Former Gauteng health MEC Qedani Mahlangu's election to the Gauteng ANC PEC caused a public outcry.
Image: KEVIN SUTHERLAND

The election of disgraced politicians to ANC leadership structures has provoked public outrage and cast unwelcome light on the party's embrace of problematic public figures as it tries to shake off the state capture debacle.

The choice of former Gauteng health MEC Qedani Mahlangu, implicated in the Life Esidimeni scandal in which 144 people died, and former MEC Brian Hlongwa, implicated in a R1-billion fraud scandal, could cost the party as it heads towards next year's election with a corruption cloud hanging over it.

Unless his lawyers succeed in having his fraud case thrown out of court, former president Jacob Zuma, who insists on exercising his right to attend ANC national executive committee meetings as an ex officio member, could still be in court during the election, a potent symbol of the rot that has set in.

Political analyst Somadoda Fikeni said the constitution of the ANC was not clear in proscribing members who have been found to have transgressed - so they have been tolerated over the years.

Fikeni said it was up to the ANC's integrity committee or deployment committee to dissuade such members from either standing for election to the NEC or provincial executive committees, or making themselves available for senior positions, but that was unlikely to happen.

"Constituencies within political parties sometimes operate based on other factors such as political patronage rather than ethical and moral factors. That becomes evident when leaders face criminal charges; they get so much support, and the logic of those supporting them is usually that there is a giant conspiracy because of the ideological outlook of the person, or they say whites were forgiven, why not forgive this one?

"Others would even say there would be no free trials for this one. Either way, where you do have a patronage network and the big-man syndrome, people believe in their leaders irrespective of the issues that happened," Fikeni said.

Zuma, Mahlangu and Hlongwa are not alone in reminding voters that the party not only does not discourage rogues from contesting top positions, but that they are held in as high regard as those who have not been caught with their fingers in the till.

Despite having been convicted of fraud, members such as Tony Yengeni, Ruth Bhengu and Bathabile Dlamini sit on the party's NEC. ANC chief whip Jackson Mthembu was convicted of drunk driving.

ANC spokesman Pule Mabe, who was sanctioned by parliament for failing to declare his interest in a company doing business with rail agency Prasa, said there was nothing wrong with convicted people occupying influential positions, as the ANC believes in rehabilitation.

"When individuals rise out of their own shortcomings, regardless of what those could be, they must be given an opportunity to come back and be part of a fully fledged society."

Part of the ANC's problem is its insistence that members who have been charged in court can remain in good standing because they have not yet been convicted - a distinction that voters not schooled in the niceties of ANC politics may not fully appreciate.

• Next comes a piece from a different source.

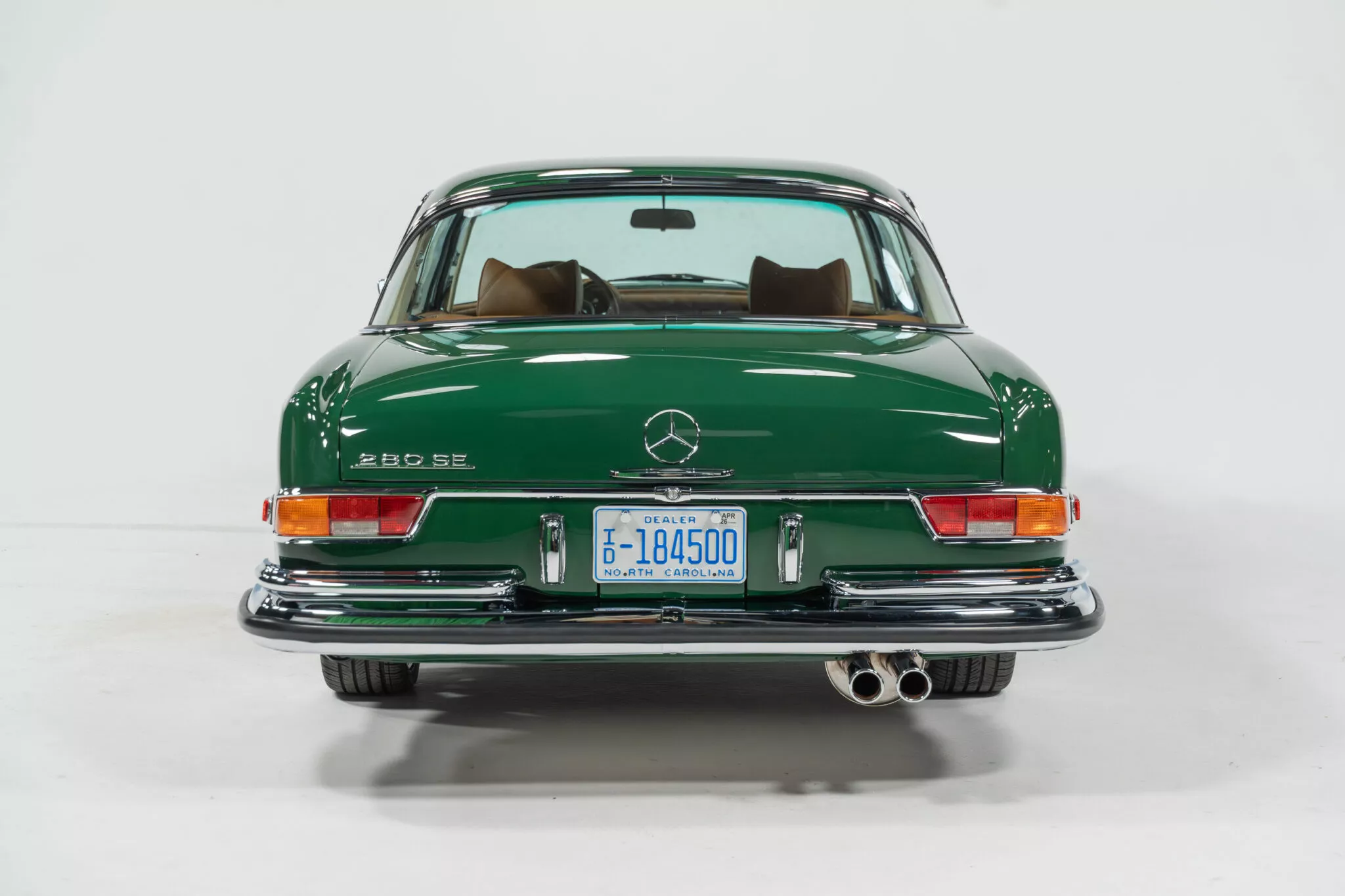 În mod surprinzător pentru un proiect atât de amplu, exteriorul modelului Mercedes-Benz 280SE a rămas aproape neschimbat. Caroseria păstrează liniile elegante ale coupe-ului din 1969, însă a fost refinisată într-o nuanță nouă de verde Axalta Chromax XP Irish Green. Automobilul rulează acum pe un set special de jante billet (frezate direct dintr-un bloc de aluminiu), proiectate cu capace de roată aparente flotante cu sigle fixe, care rămân orientate corect chiar și în mers. În rest, elementele clasice au fost păstrate cu grijă. Bare cromate față și spate, grila frontală de dimensiuni mari, oglinda laterală de pe partea șoferului și farurile originale au fost conservate, iar proiectul nu include iluminare modernă cu LED.
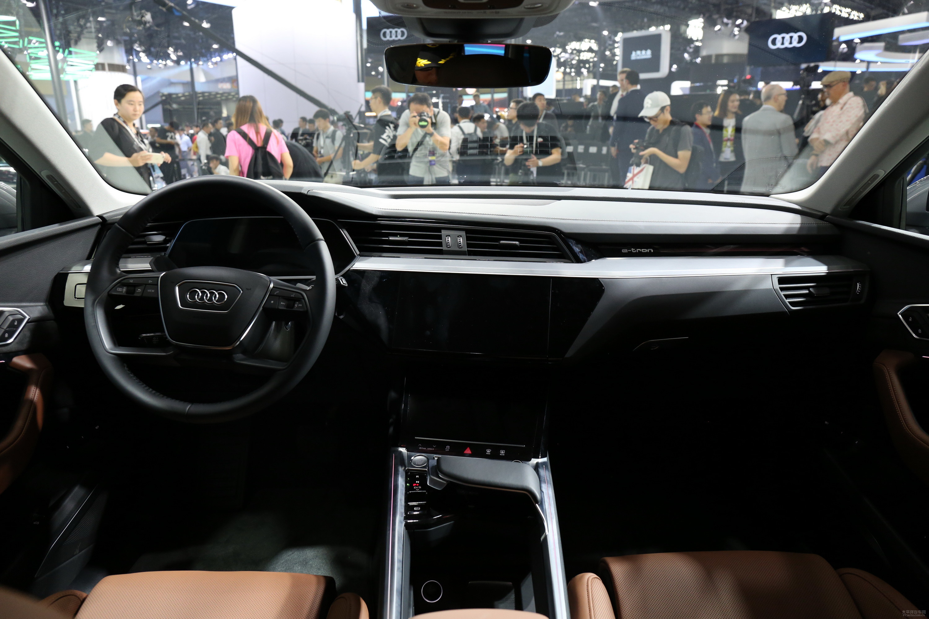 车内饰一部分,奥迪车e-tron选用了奥迪车最新消息的车内饰设计风格,总体好像与奥迪车A8类似。其有着全液晶显示屏仪表盘和双中控台显示屏,及其全新升级4幅健身运动造型设计的汽车方向盘。

The ANC in KwaZulu-Natal elected Mike Mabuyakhulu, who is out on R50,000 bail after he was arrested for alleged corruption, as deputy provincial chairman.

In the Free State, three party leaders accused of abusing public funds were elected to the PEC. One, Mathabo Leeto, is expected in court tomorrow for allegedly awarding a R15-million contract without due process. Her colleague was arrested two years ago for stealing nail polish and earrings from Woolworths. A third PEC member, Nozililo Mashiya, was accused of using a council credit card to buy R10,000 of liquor in 2010 while she was Nala municipality's speaker.

In the Eastern Cape, two PEC members, Zukiswa Ncitha and Sindiswa Gomba, face charges related to the Nelson Mandela funeral scandal, in which funds were looted.

Mabe defended the election of these people, saying they had not been found guilty by any court: "People are deemed innocent until and when proven otherwise."